Testing MySite Through the Default Dispatcher
Start your publisher and deploy mysite by using the command we all know and love:
mvn clean install -P autoInstallPackagePublish -P adobe-public
Start the dispatcher
docker-compose up -d
And verify the following things
- You can access mysite directly on the publisher: http://localhost:4503/content/mysite/us/en.html
- You can access mysite through the dispatcher: http://mysite.mycompany.local/content/mysite/us/en.html
- You are seeing things getting cached in the mapped folder, in our case httpd-docroot
Things to Try Out
There are many dispatcher related topics we could touch upon that would not fit into this tutorial. Here are a few ideas you can try out now that you have a working dispatcher.
- Test the dispatcher flush
- Remove the /content/mysite root by updating the rewrite rules
- Create a new vhost for a new site
- Access the author through the dispatcher
- Set up Sling Server Side Includes
- Tail the logs generated by Apache
- Explore the modules under /etc/httpd/modules
I hope you found this blog post useful. For any additional questions, please comment below and be sure to check out our other Adobe blogs.

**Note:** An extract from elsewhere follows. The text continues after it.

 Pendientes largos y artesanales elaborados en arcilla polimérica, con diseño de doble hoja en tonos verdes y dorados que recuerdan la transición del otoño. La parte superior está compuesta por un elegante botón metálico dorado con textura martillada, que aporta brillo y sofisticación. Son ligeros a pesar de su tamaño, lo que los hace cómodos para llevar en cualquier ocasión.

This cannot be used on Windows machine as YUM would not be available. Is there any other set of commands for windows.
Those YUM commands run inside the container, not the Windows host.
Hi Juan,
I tried to follow this article as its archetype structure is very close to our project code base.

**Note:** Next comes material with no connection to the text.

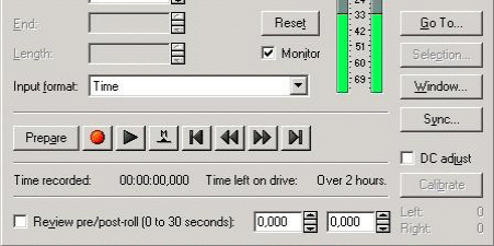 10. Начните воспроизводить материал, который вы хотите записать. Во время записи индикатор Time recorded показывает, сколько прошло времени с начала записи; индикатор Time left on drive показывает, сколько пространства осталось на вашем жестком диске, в формате часы: минуты : секунды : миллисекунды. Вы можете изменить формат для обоих индикаторов, выбрав другой пункт из раскрывающегося списка Input format.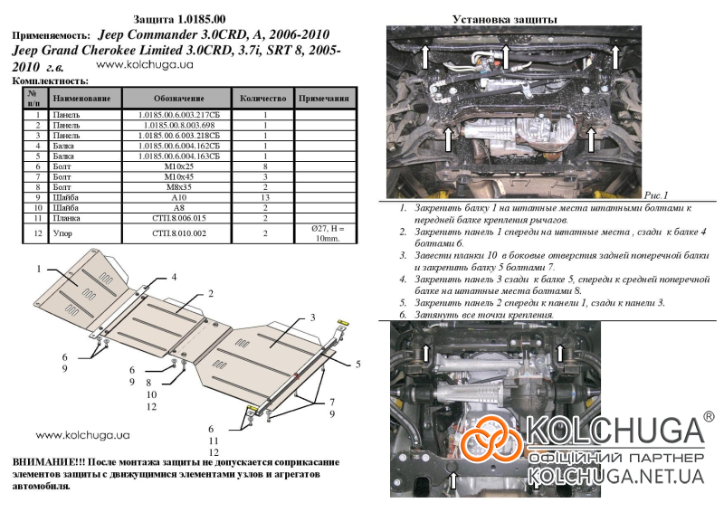 Ochrana motorového priestoru pre Jeep Grand Cherokee 3 (WK) rok 2004-2010 sa vyrába pomocou moderných technológií z materiálov najvyššej kvality. Ako základ používame za studena valcovanú oceľ s hrúbkou 2 mm. Pomocou lisovania dávame ochrane jedinečný tvar pre každý automobil tak, aby sa montovala na originálne montážne body bez potreby dodatočného vŕtania alebo zvárania. Vďaka tomu je proces inštalácie maximálne jednoduchý. Všetky potrebné montážne prvky sú súčasťou balenia.

After I performed all steps successfully.
PROBLEM STATEMENT:
When I try to access local:8082, It gives “You don’t have permission to access / on this server.”.(I changed port from 80 to 8082 in docker-compose.yml).
How do you setup the dispatcher flush agent? I’ve tried several ways and I keep getting 403 forbidden.

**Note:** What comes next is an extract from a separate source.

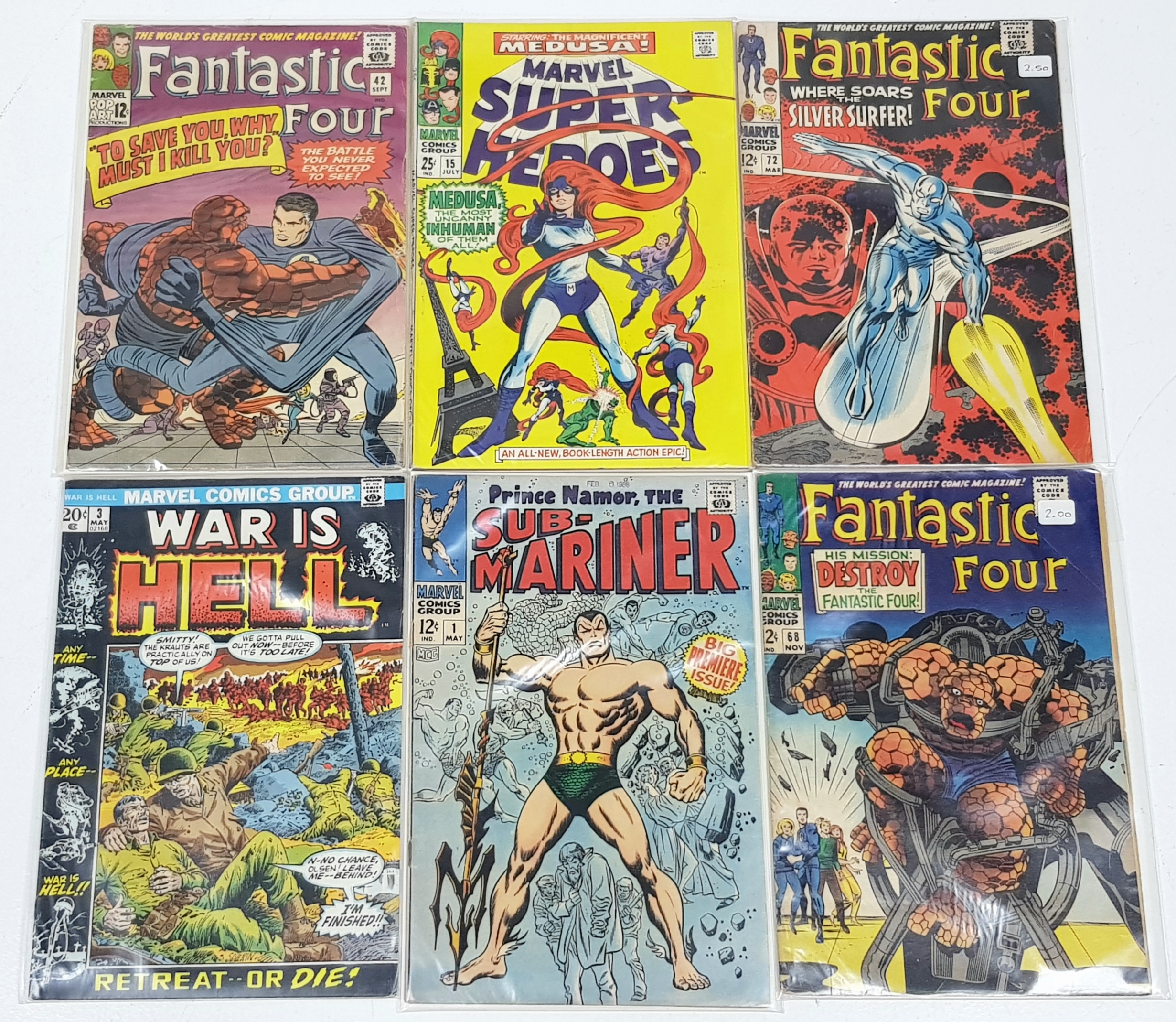 Six Vintage Marvel Comics Including 3 x Fantastic Four. Please refer to photos for finer points and condition.

Arvind Pandey: That’s right. Apache within the container is on 80. It is exposed on the host on 80. Hence in the docker-compose.yml it is 80:80. On some hosts, 80 may be locked down. Hence you would change to 8082:80 and any request coming into the host on localhost:8082 should get forwarded to Apache 80. But just because it is doesn’t mean Apache will accept it. The VirtualHost configuration may not be set up correctly. So just keep an eye on your logs to see what if anything is causing the request not to reach your VirtualHost.
Gonzalo Calandria: The sample shown is set up so that the hosts forward port 80 to Apache within the container on the same port hence the 80:80 port configuration in docker-compose.yml. It is possible that your OS or Antivirus is blocking 80 on the host so you may need to adjust that to an alternate port i.e. 8080:80, meaning localhost:8080 will be forwarded to Apache 80. When troubleshooting keep an eye on the Apache logs.